Task requirements: Write out the listing from the line with "Snygga ljusblå Replay" to the line with "Absence of triangular", both lines included, exactly and nothing beyond. Leave pictures out.

+++++

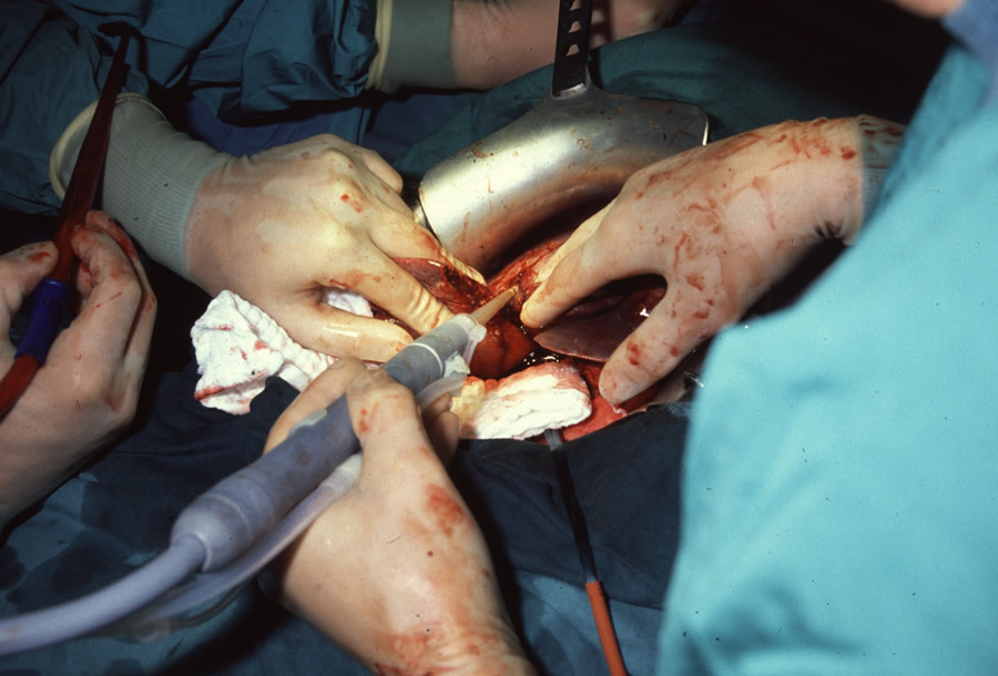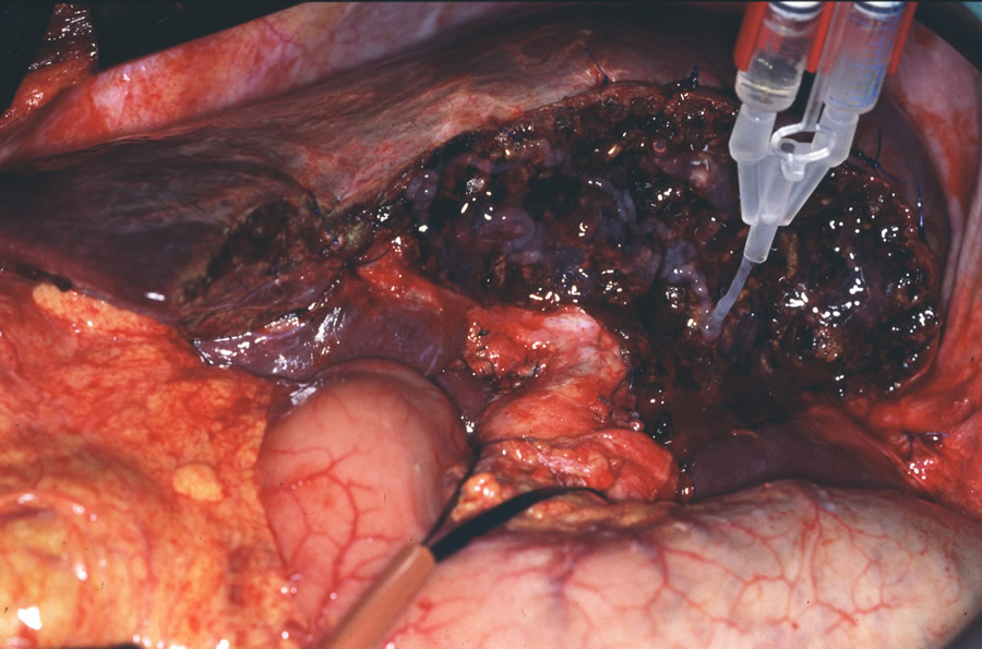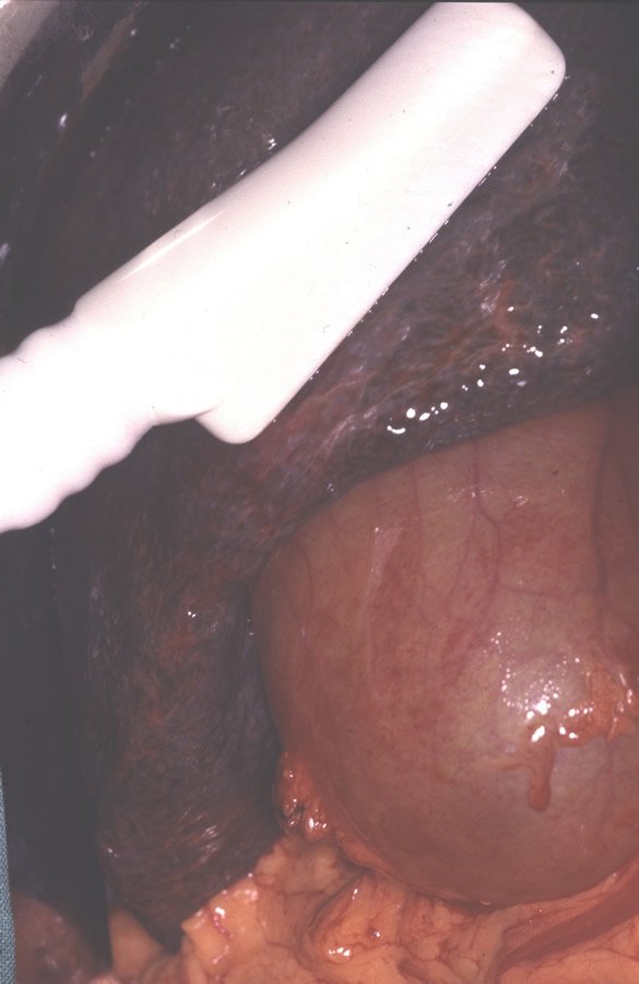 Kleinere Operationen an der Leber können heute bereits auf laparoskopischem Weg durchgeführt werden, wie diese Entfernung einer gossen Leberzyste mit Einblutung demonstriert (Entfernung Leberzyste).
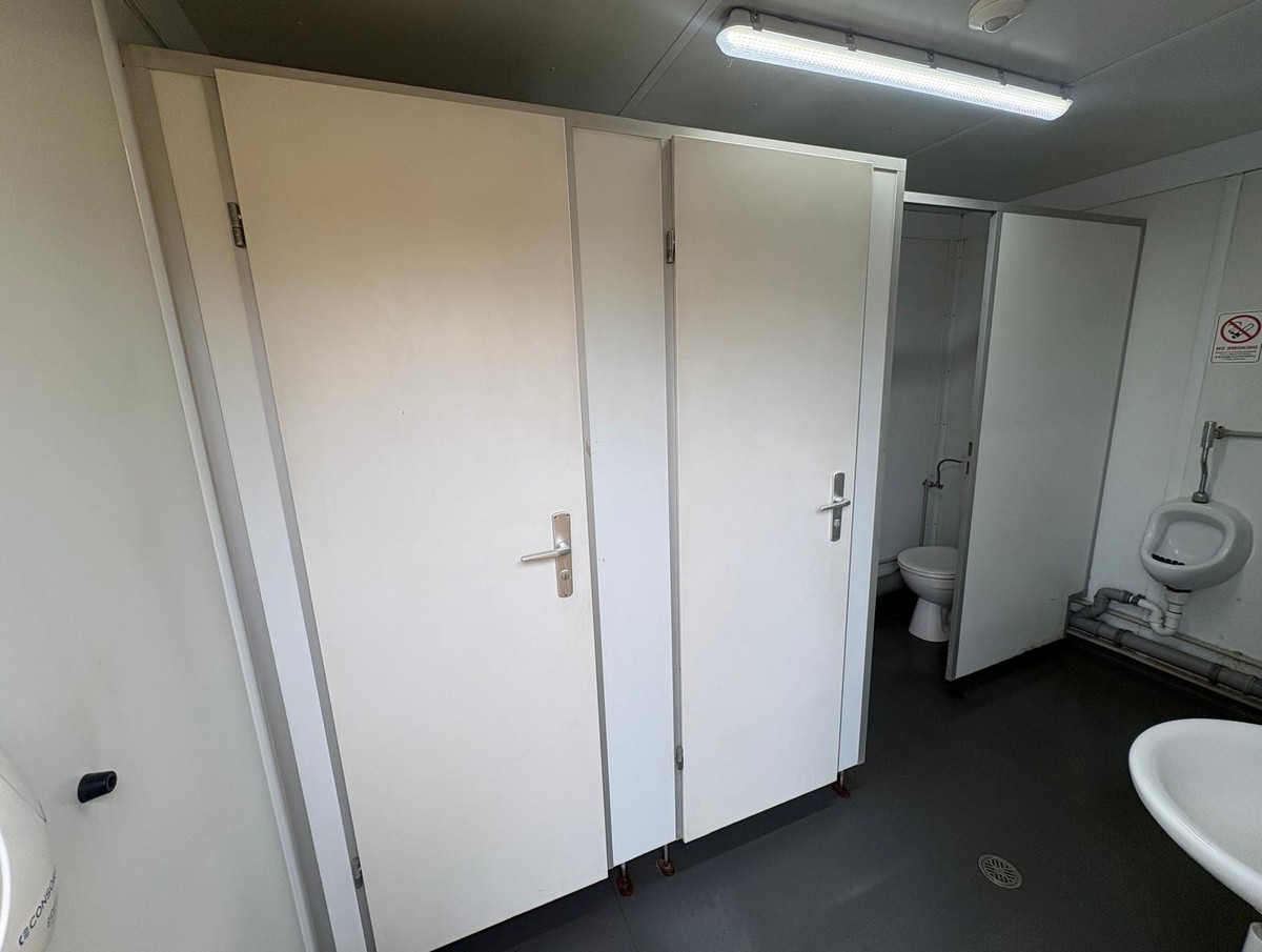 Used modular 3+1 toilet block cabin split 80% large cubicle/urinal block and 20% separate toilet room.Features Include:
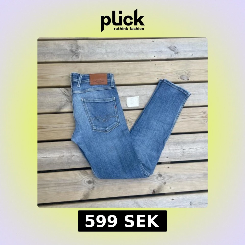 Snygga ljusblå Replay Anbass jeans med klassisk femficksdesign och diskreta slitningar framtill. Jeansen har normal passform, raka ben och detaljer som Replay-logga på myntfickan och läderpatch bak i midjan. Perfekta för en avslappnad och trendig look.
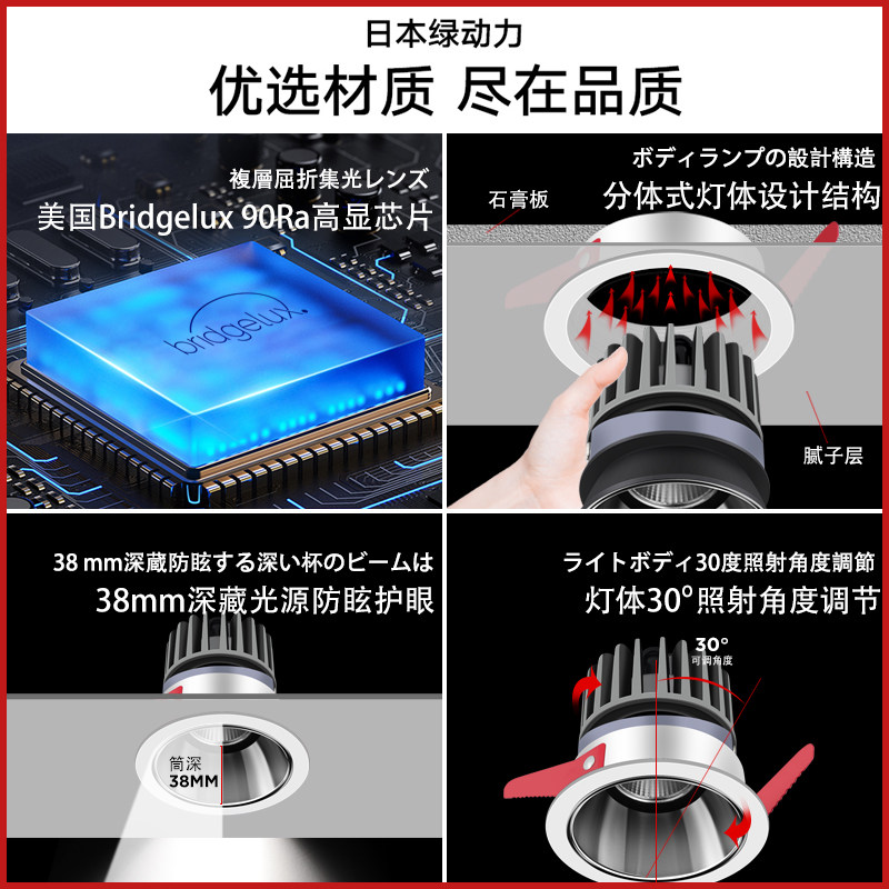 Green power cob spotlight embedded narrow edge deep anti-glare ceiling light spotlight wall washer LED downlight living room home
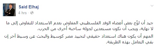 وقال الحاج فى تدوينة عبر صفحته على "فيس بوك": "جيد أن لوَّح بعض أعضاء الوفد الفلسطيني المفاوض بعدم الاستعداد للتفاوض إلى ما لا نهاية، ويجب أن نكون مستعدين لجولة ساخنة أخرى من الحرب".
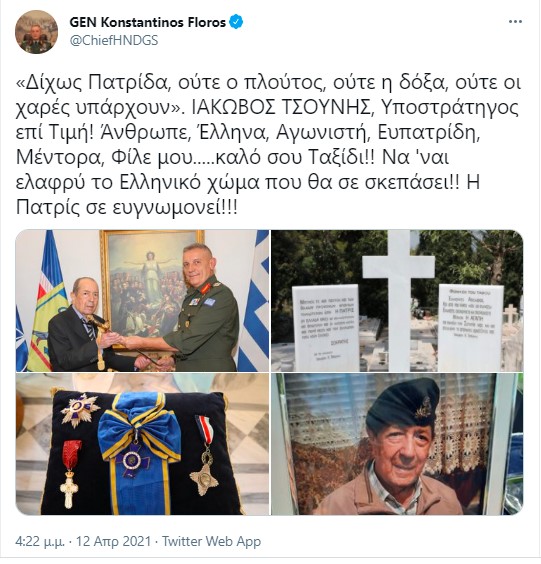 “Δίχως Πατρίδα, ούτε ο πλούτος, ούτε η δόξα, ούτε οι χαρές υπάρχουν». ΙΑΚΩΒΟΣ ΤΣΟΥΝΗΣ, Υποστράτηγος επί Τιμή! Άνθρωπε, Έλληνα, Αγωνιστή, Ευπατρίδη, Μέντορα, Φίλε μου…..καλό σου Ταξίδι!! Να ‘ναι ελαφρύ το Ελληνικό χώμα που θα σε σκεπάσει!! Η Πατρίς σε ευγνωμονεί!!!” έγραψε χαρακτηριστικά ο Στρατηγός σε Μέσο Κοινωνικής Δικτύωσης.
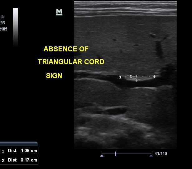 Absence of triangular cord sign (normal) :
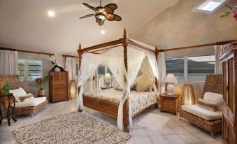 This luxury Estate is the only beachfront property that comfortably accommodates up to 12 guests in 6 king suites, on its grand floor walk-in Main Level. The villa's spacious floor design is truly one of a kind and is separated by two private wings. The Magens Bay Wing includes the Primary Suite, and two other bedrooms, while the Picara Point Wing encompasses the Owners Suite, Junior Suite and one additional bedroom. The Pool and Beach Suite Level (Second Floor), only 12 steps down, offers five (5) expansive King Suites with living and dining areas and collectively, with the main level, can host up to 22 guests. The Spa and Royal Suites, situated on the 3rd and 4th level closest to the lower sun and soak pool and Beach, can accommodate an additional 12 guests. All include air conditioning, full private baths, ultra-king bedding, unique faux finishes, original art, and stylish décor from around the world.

+++++

Response area:
 Snygga ljusblå Replay Anbass jeans med klassisk femficksdesign och diskreta slitningar framtill. Jeansen har normal passform, raka ben och detaljer som Replay-logga på myntfickan och läderpatch bak i midjan. Perfekta för en avslappnad och trendig look.
 Green power cob spotlight embedded narrow edge deep anti-glare ceiling light spotlight wall washer LED downlight living room home
 وقال الحاج فى تدوينة عبر صفحته على "فيس بوك": "جيد أن لوَّح بعض أعضاء الوفد الفلسطيني المفاوض بعدم الاستعداد للتفاوض إلى ما لا نهاية، ويجب أن نكون مستعدين لجولة ساخنة أخرى من الحرب".
 “Δίχως Πατρίδα, ούτε ο πλούτος, ούτε η δόξα, ούτε οι χαρές υπάρχουν». ΙΑΚΩΒΟΣ ΤΣΟΥΝΗΣ, Υποστράτηγος επί Τιμή! Άνθρωπε, Έλληνα, Αγωνιστή, Ευπατρίδη, Μέντορα, Φίλε μου…..καλό σου Ταξίδι!! Να ‘ναι ελαφρύ το Ελληνικό χώμα που θα σε σκεπάσει!! Η Πατρίς σε ευγνωμονεί!!!” έγραψε χαρακτηριστικά ο Στρατηγός σε Μέσο Κοινωνικής Δικτύωσης.
 Absence of triangular cord sign (normal) :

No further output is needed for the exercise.